Functional analysis of the BRI1 receptor kinase by Thr-for-Ser substitution in a regulatory autophosphorylation site

Authors: OH, MAN-HO - Chungnam National University; BENDER, KYLE - University Of Illinois; Kim, Sang Yeol; WU, XIA - University Of Washington; SUELKI, LEE - Chungnam National University; ZIELINSKI, RAYMOND - University Of Illinois; CLOUSE, STEVEN - North Carolina State University; Huber, Steven

Submitted to: Frontiers in Plant Physiology
Publication Type: Peer Reviewed Journal
Publication Acceptance Date: 2/9/2015
Publication Date: 7/10/2015
Citation: Oh, M., Bender, K.W., Kim, S., Wu, X., Suelki, L., Zielinski, R.E., Clouse, S.D., Huber, S.C. 2015. Functional analysis of the BRI1 receptor kinase by Thr-for-Ser substitution in a regulatory autophosphorylation site. Frontiers in Plant Physiology. 6:562.

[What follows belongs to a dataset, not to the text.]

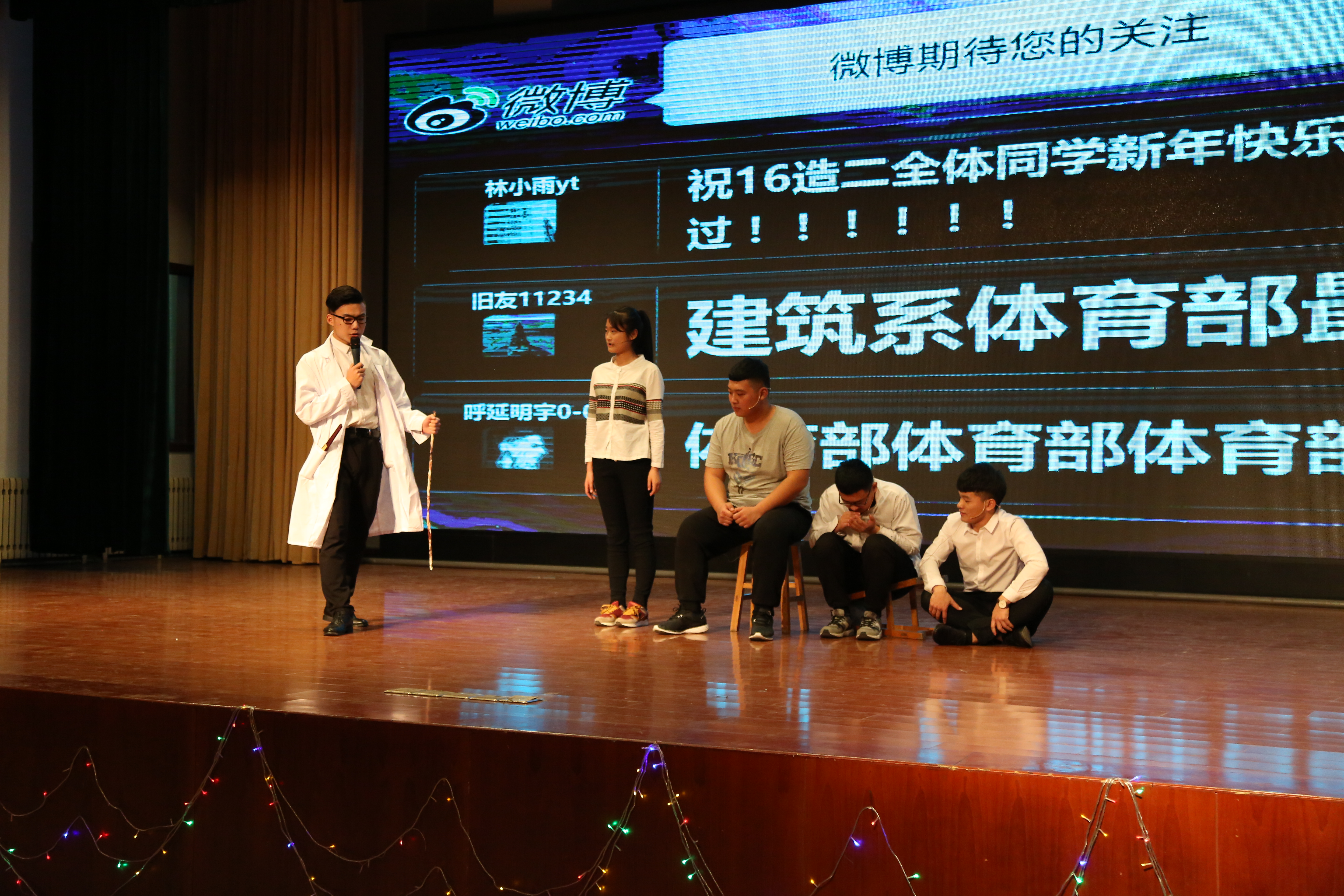 伴随着倒计时,彩花的飞舞,节目正式开始,文艺部与各部部长带来的一首《新年大吉》,瞬间将现场带入了节日的气氛,随后带来的热舞表演也掀起了一阵小高潮。朗诵节目《中国梦青春梦》体现了国家意志与个人感情的和谐共鸣,凝聚了建筑系学子对祖国的深深祝福和强烈的挚爱;随后由自律部同学们带来幽默诙谐的小品《手机综合症》戳中了观众们的笑点,笑声在音乐厅内久久环绕;紧接着自律部和安保部带来的舞蹈把气氛推向高潮,展现出了同学们的青春活力;穿插于晚会的抽奖环节与游戏环节更是吸引了现场观众的积极参与,台上台下气氛高涨,互动不断。最后,晚会在一首《让爱住我家》中温馨结束,本次元旦文艺晚会也圆满落下了帷幕。(曲佳凤 贺俊祥)

Interpretive Summary: Plants have a large family of receptor kinases that control a number of important processes ranging from growth and development to responses to the environment and pathogens. Hence, understanding the molecular details of how receptor kinases function is not only of fundamental interest but is also expected to have implications for crop improvement. The receptor kinases are proteins that are inserted through the plasma membrane, with the extracellular portion often specialized to bind some type of special molecule, and with an intracellular portion that contains a protein kinase domain. Activated of the receptor kinase occurs in response to the targeted ligand and often involves phosphorylation of numerous serine, threonine and (in some cases) tyrosine residues via a reaction catalyzed by the protein kinase itself referred to as autophosphorylation. The function of specific sites of autophosphorylation is usually studied by directed mutagenesis of the protein to substitute the phosphorylated amino acid with a residue that is similar but cannot be phosphorylated. Alternatively, the residue can be substituted with an acidic amino acid that may mimic the phosphorylated form. While useful these approaches often do not work because of an overriding effect that is not related to phosphorylation at the site. Consequently, in the present study a more subtle modification was tested that involved substituting a threonine residue for a known serine phosphorylation site in the BRI1 receptor kinase that is required for plant growth. Surprisingly, this subtle change, referred to as the S891T directed mutation, had strong functional impacts on BRI1 kinase activity. The results suggest that the S891T directed mutant protein has a slower rate of autophosphorylation but ultimately attains the same maximum activity as the wild type protein in vitro, and perhaps as a result the directed mutant does not function in an equivalent manner to the wild type receptor kinase in transgenic plants. These results suggest that the rate of activation/autophosphorylation may be an important parameter for receptor kinase function in vivo. Furthermore, in broad terms the results establish that serine-threonine substitutions are worth exploring at known phosphosites as the residues may not be functionally equivalent and therefore may provide a new general strategy to engineer receptor kinase function.

Technical Abstract: BRI1 becomes highly phosphorylated in vivo upon perception of the ligand, brassinolide, as a result of autophosphorylation and transphosphorylation by its co-receptor kinase, BAK1. Important autophosphorylation sites include those involved in activation of kinase activity and those that are inhibitory, such as Ser-891. The inhibitory sites are autophosphorylated after kinase activation has been achieved and are postulated to contribute to deactivation of the kinase. The function of phosphosites is usually tested by substituting a non-phosphorylatable residue or an acidic residue that can act as a phosphomimetic. What has typically not been examined is substitution of a Thr for a Ser phosphosite (or vice versa). In the present study with BRI1, we substituted Thr at the Ser-891 phosphosite to generate the S891T directed mutant. The recombinant Flag-BRI1 (S891T) cytoplasmic domain protein (the S891T protein) was catalytically active and phosphorylation occurred at the engineered Thr-891 site. However, the S891T recombinant protein autophosphorylated more slowly than the wild type protein during expression in E. coli. As a result, activation of peptide kinase activity (measured in vitro) was delayed as was transphosphorylation of bacterial proteins in situ. Stable transgenic expression of BRI1 (S891T)-Flag in Arabidopsis bri1-5 plants did not fully rescue the brassinosteroid (BR) phenotype indicating that BR signaling was constrained. Our working model is that restricted signaling in the S891T plants occurs as a result of the reduced rate of activation of the mutant BRI1 kinase by autophosphorylation. These results provide the platform for future studies to critically test this new model in vivo and establish Ser-Thr substitutions at phosphosites as an interesting approach to consider with other protein kinases.